Implement the flipBit method, which changes the value of one bit of a given integer to the opposite. We agree that the bits are numbered from the youngest (index 1) to the oldest (index 32).

 public static int flipBit(int value, int bitIndex) { char[] mass = Integer.toBinaryString(value).toCharArray(); int index = bitIndex%32; if(mass[index - 1] == '0') mass[index - 1] = '1'; else mass[index - 1] = '0'; return Integer.parseInt(new String(mass), 2); }

Gives an error message:

Failed test # 3. Run time error:
Exception in thread "main" java.lang.ArrayIndexOutOfBoundsException: 30
at Main.flipBit (Main.java:27)
at Main.main (Main.java:14)
at Main.main (Main.java:7)

  • 3
    I don’t know Java, of course, but isn’t it somehow simpler: value^(1<<(bitIndex-1)) ? - PetSerAl
  • let's immediately String.format("%32s", Integer.toBinaryString( value ) ).replace(' ', '0') , cho there :) - zRrr

1 answer 1

To invert a bit at a certain position, you need to move 1 to the desired number of positions to the left (this will be a mask), and then make an XOR with the original number.

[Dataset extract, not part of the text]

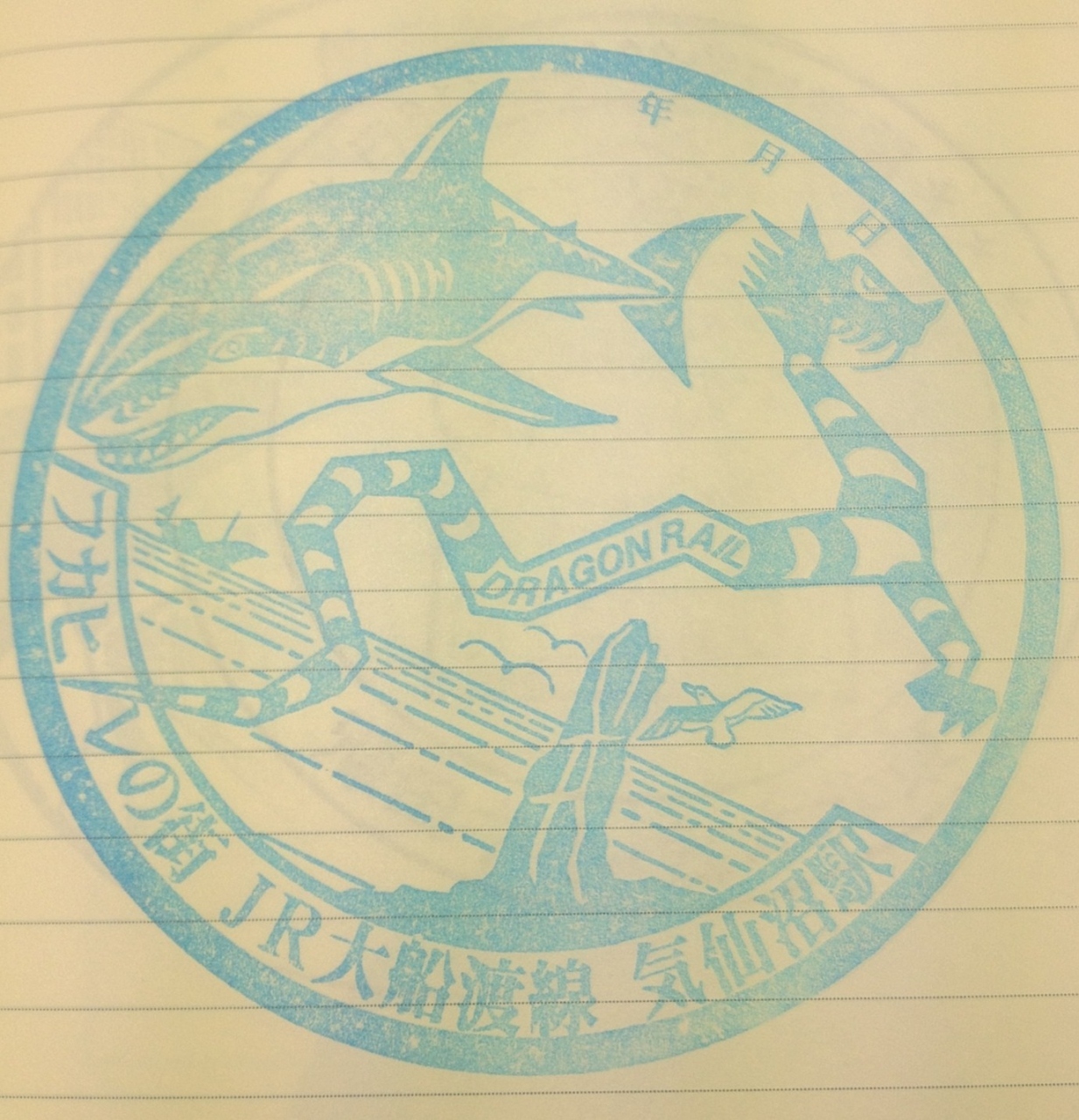 気仙沼駅のスタンプには、「フカヒレの街」と刻印されています。
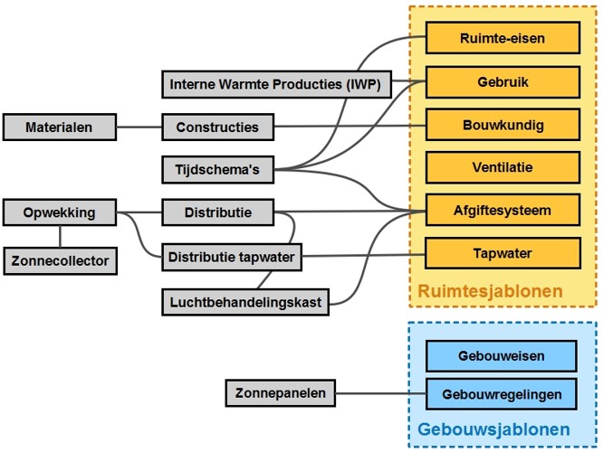 Andere hulpmiddelen zijn bijvoorbeeld de tijdschema’s, Interne Warmte Producties (IWP), opwekking, luchtbehandeling en distributie. De onderstaande afbeelding illustreert, welke hulpmiddelen aan welke sjablonen moeten worden gekoppeld.

 public static long flipBit(int position, long value) { return value ^ 1 << position; }

Or, you can use the class BitSet

 public static long flipBit(int position, long value) { BitSet bs = BitSet.valueOf(new long[] { value }); bs.flip(position); return bs.toLongArray()[0]; }

Bits are numbered starting from 0, from right to left.

 long value = 10L; System.out.println(Long.toBinaryString(value)); // 1010 System.out.println(Long.toBinaryString(flipBit(1, value))); // 1000

Add additional conditions for your task and check for valid values ​​yourself.